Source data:
*-*-*

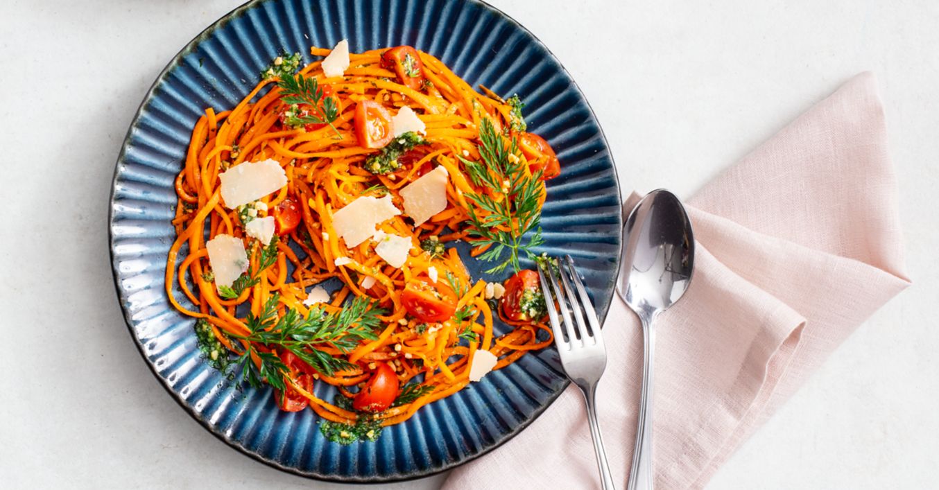 Jako poslední krok rozmixujeme cherry rajčátka, smícháme s mrkvovými špagety, přidáme zbylé kousky mrkve, rajčátek a natě. Nakonec špagety zalijeme pestem a posypeme parmazánem s mandlemi.
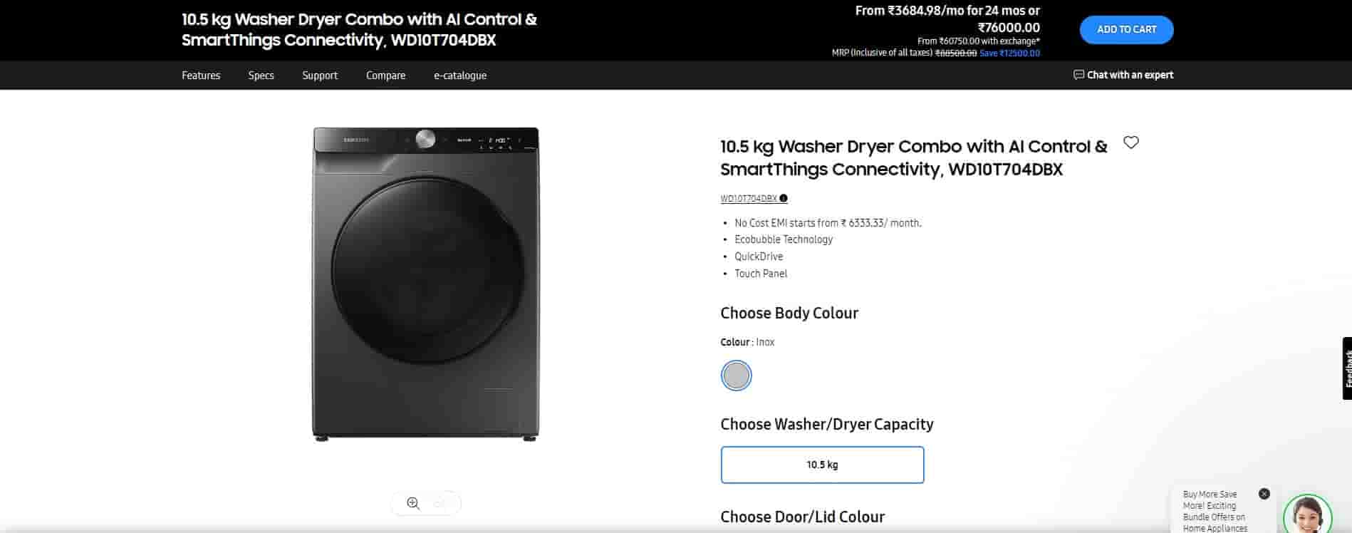 It’s 10.5 Kg capacity washer-dryer combo is available on Samsung’s official website for RS 76000. It is also available on EMI option starting from Rs 3684 per month for 24 months. The exchange offer can be got off up to Rs 15,250.
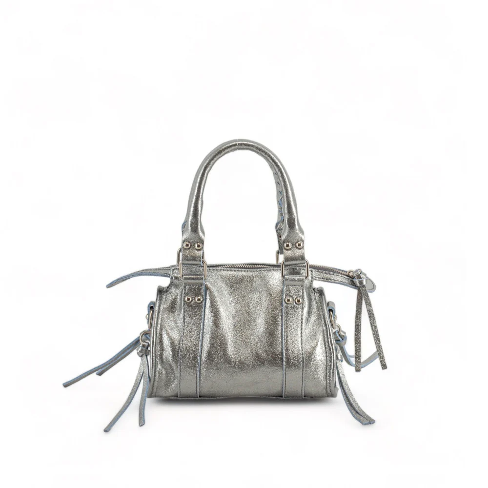 Mini-sac bowling en cuir irisé SANDSTORM NANO Argent moyen
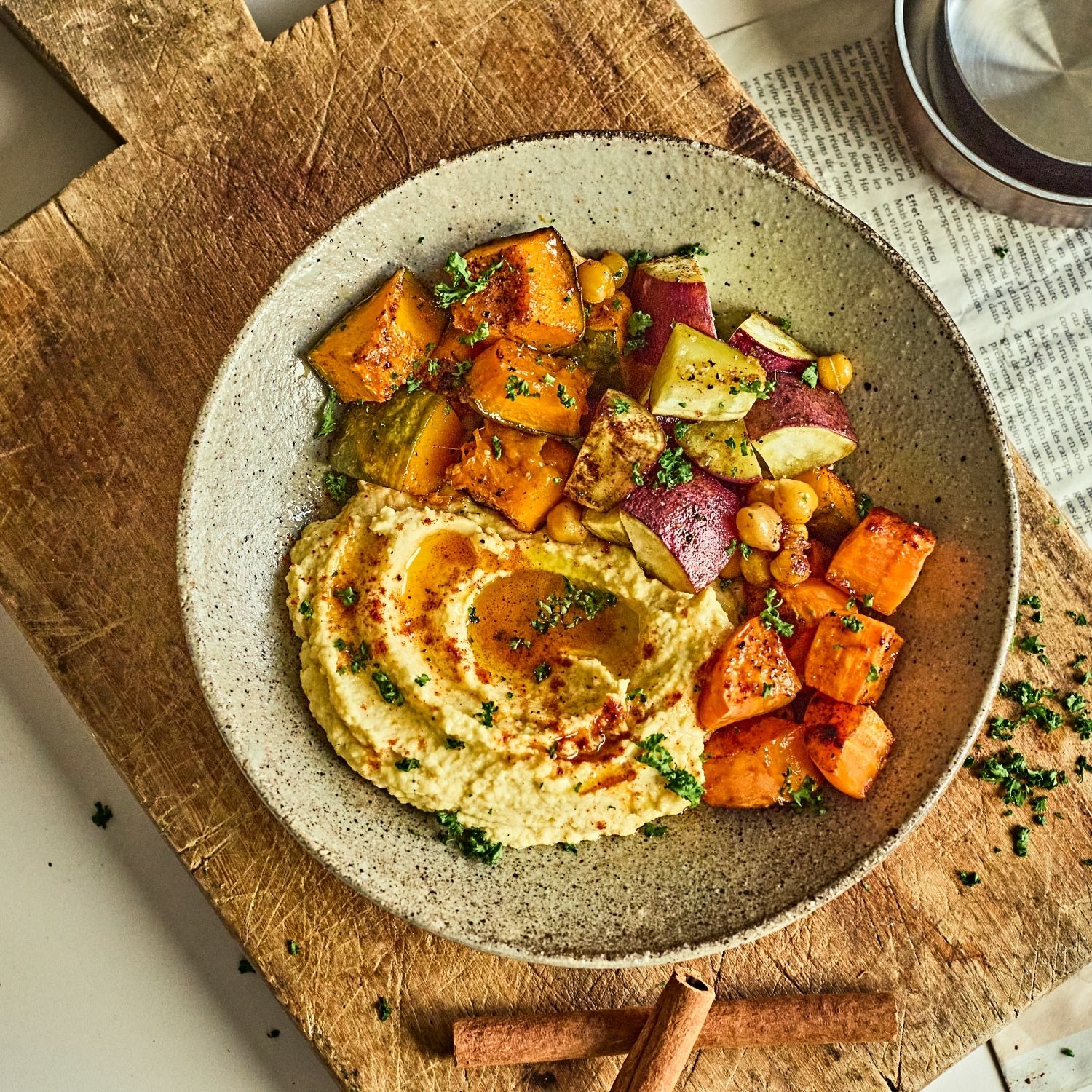 가을 제철 채소와 부드러운 후무스를 곁들인 건강하고 든든한 웜 볼 한 그릇
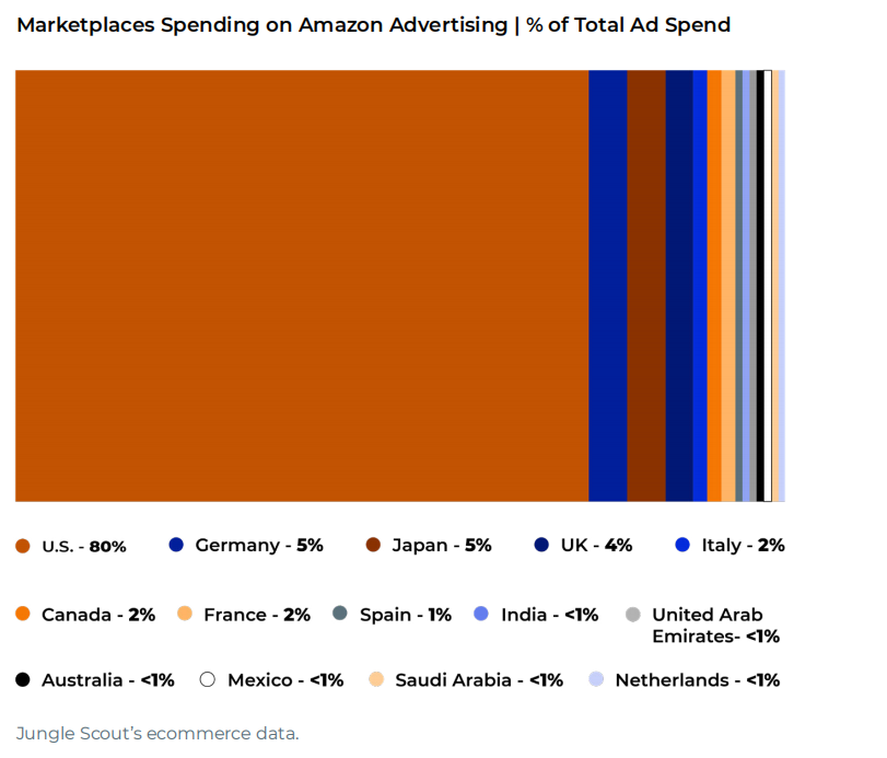 Jungle Scout电商数据库的14个市场中,美国在亚马逊广告支出方面排名第一,占约80%,其次分别是德国、日本、英国、意大利、加拿大、法国、西班牙、印度、阿拉伯联合酋长国、澳大利亚、墨西哥、沙特阿拉伯、荷兰。
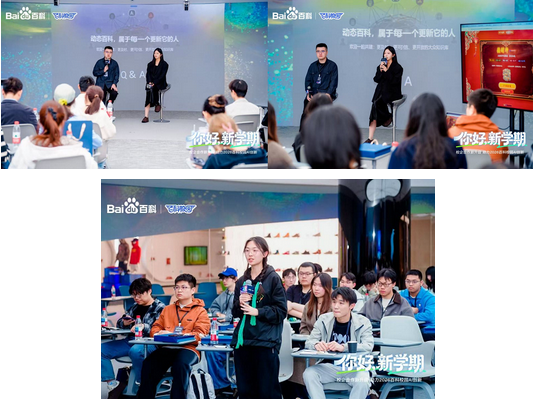 在核心的校企合作与人才培养圆桌交流会上,百科创新运营负责人杨雪雅、校园方向负责人吴天勖组成现场面对面交流,现场氛围热烈而真诚。活动前期,学生以匿名卡片形式提交问题,涵盖AI创作合规、校园内容版权、职业发展赋能等青年最关心的话题。百度百科各业务负责人针对卡片问题逐一深度回应,不仅解答疑惑,更围绕校园团队落地活动、创作激励、校企共建等议题展开头脑风暴,探索更贴合校园场景的合作模式与实践玩法。

*-*-*

WHAT YOU SHOULD DO: Each line from the one containing "Mini-sac bowling en" through the last line of the entries above is to be extracted exactly. Pictures are not part of the copy.

YOUR SOLUTION:
 Mini-sac bowling en cuir irisé SANDSTORM NANO Argent moyen
 가을 제철 채소와 부드러운 후무스를 곁들인 건강하고 든든한 웜 볼 한 그릇
 Jungle Scout电商数据库的14个市场中,美国在亚马逊广告支出方面排名第一,占约80%,其次分别是德国、日本、英国、意大利、加拿大、法国、西班牙、印度、阿拉伯联合酋长国、澳大利亚、墨西哥、沙特阿拉伯、荷兰。
 在核心的校企合作与人才培养圆桌交流会上,百科创新运营负责人杨雪雅、校园方向负责人吴天勖组成现场面对面交流,现场氛围热烈而真诚。活动前期,学生以匿名卡片形式提交问题,涵盖AI创作合规、校园内容版权、职业发展赋能等青年最关心的话题。百度百科各业务负责人针对卡片问题逐一深度回应,不仅解答疑惑,更围绕校园团队落地活动、创作激励、校企共建等议题展开头脑风暴,探索更贴合校园场景的合作模式与实践玩法。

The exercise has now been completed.